The August 1961 "college issue" of Mademoiselle included a photo of UCLA senior class president Willette Murphy, who did not realize she was making history as the first African-American model to appear in a mainstream fashion magazine.

During an interview with Fashion Week Online, Fern Mallis mentioned that she was one of 20 winners of the guest editing competition that she entered while attending college. She stated that she "was the only one of the 20 asked to come back and get a full-time job with the magazine." Mallis attributed that her publishing career began at Mademoiselle. The New York Social Diary stated that she “worked at the magazine for six years.”

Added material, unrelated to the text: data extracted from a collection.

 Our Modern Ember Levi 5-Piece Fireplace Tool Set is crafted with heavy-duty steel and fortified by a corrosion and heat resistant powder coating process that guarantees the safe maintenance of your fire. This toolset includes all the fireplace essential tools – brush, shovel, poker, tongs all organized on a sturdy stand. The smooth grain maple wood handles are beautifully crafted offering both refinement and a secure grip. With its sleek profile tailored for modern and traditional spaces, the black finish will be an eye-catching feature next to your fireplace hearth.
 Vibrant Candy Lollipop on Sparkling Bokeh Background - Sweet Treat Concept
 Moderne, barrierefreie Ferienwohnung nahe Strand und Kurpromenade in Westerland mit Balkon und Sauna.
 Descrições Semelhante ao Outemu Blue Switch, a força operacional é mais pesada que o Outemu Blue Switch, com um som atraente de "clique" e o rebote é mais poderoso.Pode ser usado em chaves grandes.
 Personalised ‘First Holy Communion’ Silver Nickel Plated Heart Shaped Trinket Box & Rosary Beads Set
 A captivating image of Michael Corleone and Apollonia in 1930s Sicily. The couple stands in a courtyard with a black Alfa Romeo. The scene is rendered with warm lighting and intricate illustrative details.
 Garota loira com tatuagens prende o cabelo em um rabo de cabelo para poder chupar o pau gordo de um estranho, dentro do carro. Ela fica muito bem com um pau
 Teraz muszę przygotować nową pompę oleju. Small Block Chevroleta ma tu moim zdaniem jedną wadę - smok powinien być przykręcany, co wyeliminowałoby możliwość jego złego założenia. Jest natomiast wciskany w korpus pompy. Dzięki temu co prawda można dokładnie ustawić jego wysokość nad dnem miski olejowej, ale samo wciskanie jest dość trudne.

In the sixties, Mademoiselle was geared toward "the smart young woman". It categorically stated in its editorials that despite the young, maidenly name, it was not geared toward young teenagers. The majority of readers may have been in college or in a job, and some may have been married. Mademoiselle was interested in reaching mature college freshmen and up who were being exposed to the greatest literature and facing the greatest moral problems coping with all the complexities of the atomic age.

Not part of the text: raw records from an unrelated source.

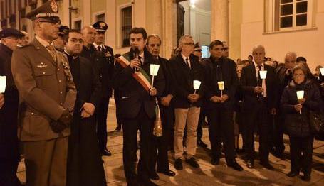 FIACCOLATA A CAGLIARI - Fiaccolata ieri sera davanti alla Cattedrale di Cagliari per ricordare le vittime degli attentati di venerdì scorso a Parigi. La giornata di commemorazione è iniziata alle 19 con una messa nel Duomo. Poi, all'esterno della chiesa, l'accensione dei lumi per la fiaccolata. Presenti, tra gli altri, il governatore Francesco Pigliaru, il presidente del Consiglio regionale Gianfranco Ganau, il sindaco di Cagliari Massimo Zedda e il console francese Andrea Dore. Un no, commosso, al terrorismo.(ANSA)
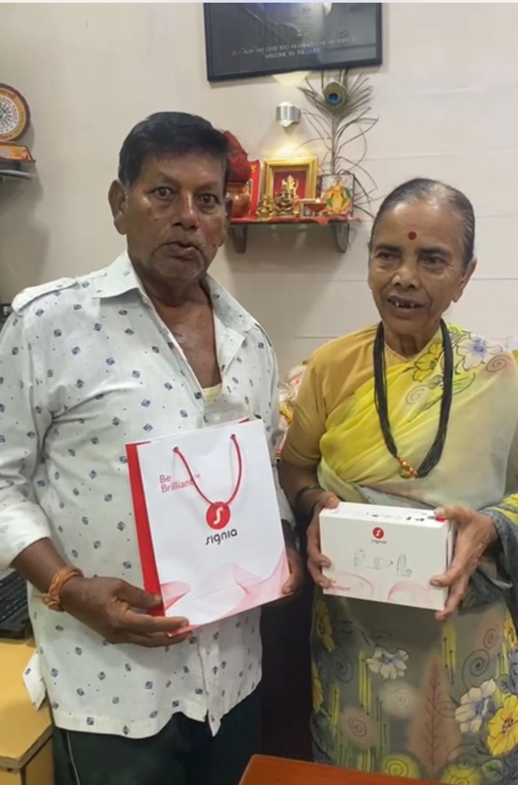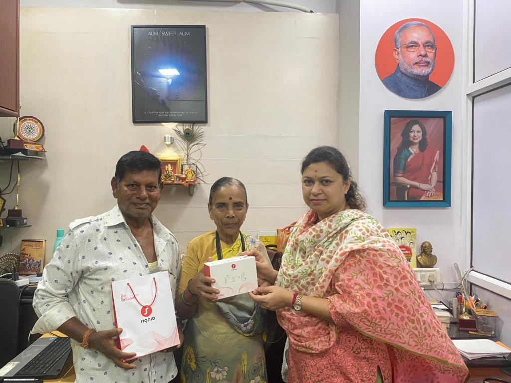 Hearing AID DEVICE handed over to Smt Pikale which is 80 yrs old . Due to financial issues the couple was unable to buy the device for long time. When they approached Sankalp Siddhi Trust they were heard and help was extended to them.
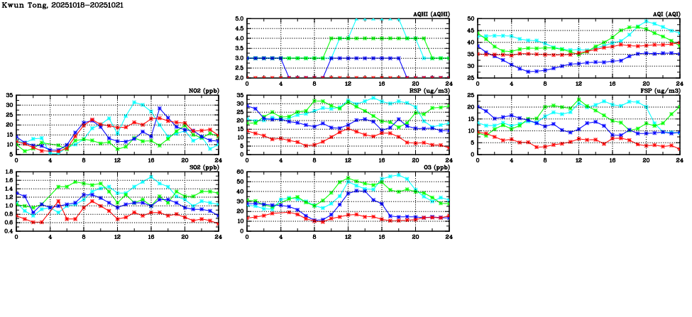 | Air Quality Data Time Series in Kwun Tong (2025/10/21) | ( Line colors: Day -3 Day -2 Day -1 Current day ) | 2D Map Current AQHI |

Mademoiselle continued throughout the eighties and nineties featuring the top models on its covers and in the pages of the editorial sections.

In 1993, Elizabeth Crow was appointed editor-in-chief. The November 2001 magazine was the final issue. Some of the 93 employees and features moved over to Glamour, also published by Condé Nast. The magazine's demise was due to multiple factors, including an editorial inability to update the magazine to appeal to a sufficient audience and an overall decline in advertising revenues across the magazine industry.

==Editors==
- Desmond Hall and F. Orlin Tremaine (1935)
- F. Orlin Tremaine (1935–1937)
- Betsy Blackwell (1937–1971)
- Edie Locke (1971–1980)
- Amy Levin Cooper (1981–1992)
- Gabe Doppelt (1992)
- Elizabeth Crow (1993–2000)
- Mandi Norwood (2000–2001)

==Notable people==

- Barbara Birdfeather, wrote the astrology column for several years
- Svetlana Lloyd, assistant editor for 50 years.
- Carol Spencer, fashion designer for the Barbie doll.